School culture is a powerful component of education that is often overlooked
Meredith alumna Carrie Swart Tulbert, '01, principal of Mooresville Middle School, was named the 2014 Wells Fargo North Carolina Principal of the Year during a luncheon ceremony held on May 1, 2014. She was selected from among eight regional finalists following interviews and on-site visits by a statewide selection committee.
Carrie earned a Bachelor of Arts degree in English (with grades 6-12 licensure). Meredith's teacher education program is unique in that students choose a content area as a major and also seek licensure in a field or grade level. As a result, graduates are experts in both a content area and in the tools of teaching.
Carrie led Mooresville Middle through one of the state’s first schoolwide 1:1 Digital Conversions. Today her school is a national model for using technology to support instruction. “Carrie is a pioneer who believes in the power of shifting school culture, thoughtful planning, and cultivating meaningful and productive relationships among teachers and student,” said State Superintendent June Atkinson.
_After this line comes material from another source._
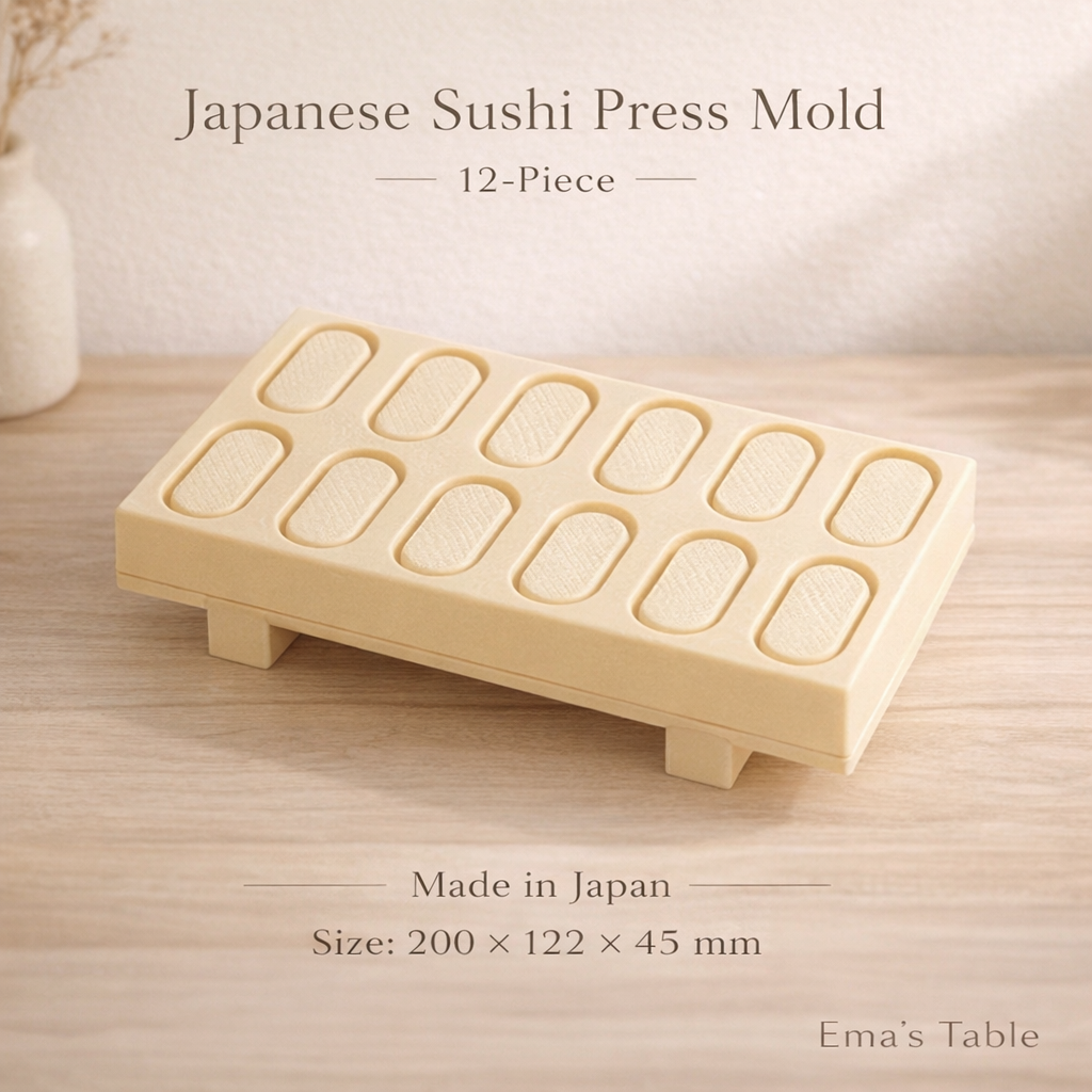 This Japanese-made sushi press mold allows you to form 12 sushi rice bases at once. Each piece comes out uniform and clean, making your homemade sushi look neat and restaurant-worthy. Simply press, release, and top with your favorite ingredients. Perfect for family cooking, gatherings, or anytime you want to enjoy sushi with ease.

She credits some of the successes at Mooresville Middle to a focus on school climate and culture. "School culture is a powerful component of education that is often overlooked. Many educational initiatives become pointless because there is a failure to evaluate and proactively develop school culture. As we implemented our 1:1 technology initiative, this became reality for Mooresville Middle School. We have now seen what a difference this intentional plan has made," Carrie said.
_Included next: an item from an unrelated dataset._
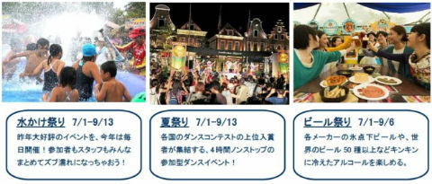 ハウステンボスでは他にも、水鉄砲やバケツで水をかけ合う「水かけ祭り」、参加型ダンスイベント「夏祭り」、「ビール祭り」を合わせた「ハウステンボス夏の3大祭り」が7月1日から開催。また約520インチの巨大スクリーンを使い、最大24人で同時プレイができる釣りゲーム「釣りアドベンチャー」も7月18日から実施されます。光の丘や光のどうぶつえんといった夜限定のイルミネーションも。

In addition to her Meredith degree, Carrie holds a master’s degree in school administration from Gardner-Webb University, and a doctorate in educational leadership from Wingate University. She is a 2013 alumni of the Distinguished Leadership in Practice (DLP) program, a program sponsored by N.C. Department of Public Instruction (DPI) and developed and provided by the N.C. Principals & Assistant Principals' Association (NCPAPA.) She also serves as a developer and facilitator of the Distinguished Leadership in Practice for Digital Learning program, a program currently being developed through a partnership between NCPAPA, the NCSU Friday Institute for Educational Innovation, and DPI.
“Carrie has proven herself to be an exceptional leader, distinguished in every way,” said Dr. Shirley Prince, NCPAPA Executive Director. “She is a true role model for all principals.”